Arlee stared down into the great empty hall with an involuntary quickening of the breath. How desolate it was, but how beautiful in its desolation! What strange revels had taken place there to the notes of wild music, what girls had danced, what voices had shouted, what moods had been indulged! She thought of the men who had made merry there ... and then she thought of the women, generations of women, who had stood where she was standing, pressing their young faces against the grill, their bright eyes peering, peering down.
She felt their soft little silken ghosts all about her, their bangles clinking, their perfumes enveloping her sense--lovely little painted dolls, their mimic pa.s.sions helpless in their hearts....
Dreaming, she turned and in silence retraced her way after her hostess, loitering by the window in the anteroom to watch a veiled girl drawing water at the old well in the center, an old well rich in arabesques.
How much happier, thought Arlee, were these serving maids in the freedom of their poverty than the cloistered aristocrats behind their darkened windows. She wondered if that strange figure beside her, half Moslem, half modern, envied the little maid the saucy jest which she flung at a bare-footed boy idling beside a dozing white donkey. As she watched the old-world quiet of the picture was broken. Some one, the doorkeeper, she thought, from his vivid robes and yellow shoes, came running across the court, shouting something at the girl which sent her flying to the house, her jar forgotten, and another man, an enormous Nubian with blue Turkish bloomers, short red jacket and a red fez, hurried across the court toward the _haremlik_.
The lady stepped toward the screening and called down; the man stopped, raised his head, and shouted back a jargon of excited gutturals, waving his arms in vehement gesturing. His mistress interrupted with a brief question, then with another, then nodding her head indifferently to herself, she called down an order, apparently, and turned away.

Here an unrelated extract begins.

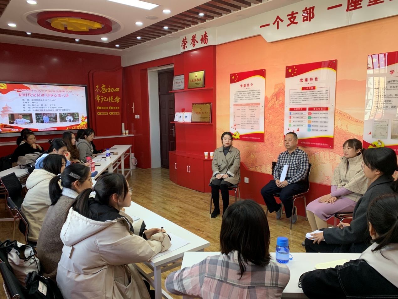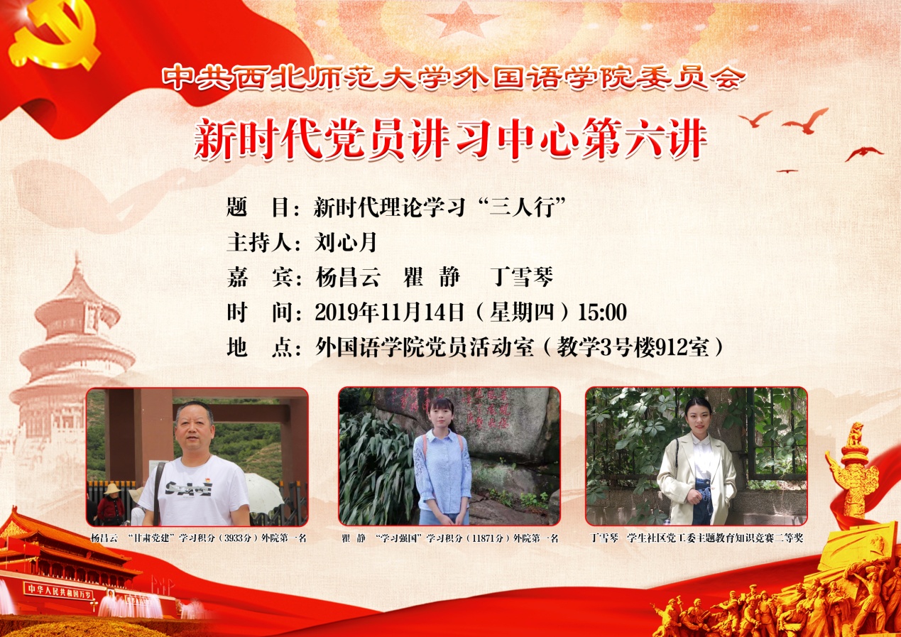 习近平总书记在“不忘初心、牢记使命”主题教育工作会议上强调:“开展主题教育,是用新时代中国特色社会主义思想武装全党的迫切需要。在新时代,我们党顺应时代发展新要求,创立了新时代中国特色社会主义思想。理论创新每进一步,理论武装就要跟进一步。”11月14日下午,yl6809永利新时代党员讲习中心第六讲以《新时代理论学习“三人行”》为题,邀请3位学院理论学习先进典型,他们分别是“甘肃党建”学习积分第一名(3933分)杨昌云老师、“学习强国”学习积分第一名(11871分)、研究生第三党支部党员、2017级英语笔译专业研究生瞿静、“学生社区党工委主题教育应知应会知识竞赛”二等奖获得者、本科生第三党支部党员、2016级翻译1班本科生丁雪琴,共同为师生党员带来一堂生动的理论学习经验分享会,一起聆听榜样的声音,寻找入党初心。会议由辅导员刘心月主持。

"One of our servants is dead," she murmured to Arlee in explanation.
"They say now it is the plague."
"The plague?" repeated the girl absently. She was thinking what a hideous creature that great Nubian was. Then, more vividly, "The _plague_?"
"You have fear?" said the negligent voice.

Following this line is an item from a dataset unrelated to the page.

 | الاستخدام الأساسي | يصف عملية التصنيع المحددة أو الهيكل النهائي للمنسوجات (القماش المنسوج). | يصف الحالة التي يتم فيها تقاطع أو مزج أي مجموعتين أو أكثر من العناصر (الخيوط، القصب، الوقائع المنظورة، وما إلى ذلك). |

Arlee nodded frankly. "Oh, yes, I should be terribly afraid of it,"
she averred. "Aren't you?" And then she reflected, as she saw the inscrutable smile playing about the older woman's lips, that she must be witnessing that fatalistic apathy of the East that she had read about.
But there was nothing apathetic about the Captain. He followed on the very heels of the announcement, his sword clanking, his spurs jingling, as he bounded up the stairs and hurried through the long, dim drawing-room toward them.
"You have heard?" he cried in English as they came to meet him. "You have heard?"
"Of the plague!" Arlee answered, wondering at his agitation. "Yes, your sister just told me. Is it really the plague?"
"So say those d.a.m.ned doctors--pardon, but they are such imbeciles!"
He made an angry gesture with his clenched hand. His face was tense and excited. "They say so. And there is another sick ... _Dieu_, what a misfortune! Truly, there was illness about us, a little, but who thought----"
"I shall run back to my hotel," said Arlee lightly, "before I catch one of your germs."
"To the hotel--a thousand pardons, but that is the thing forbidden."
The young man made a gesture, with empty palms outspread, eloquent of rebellion and despair. "Those doctors--those pig English--they have set a quarantine upon us!"
CHAPTER IV
A SORRY GUEST
"A quarantine?" said Arlee Beecher, in a perfectly flat little voice.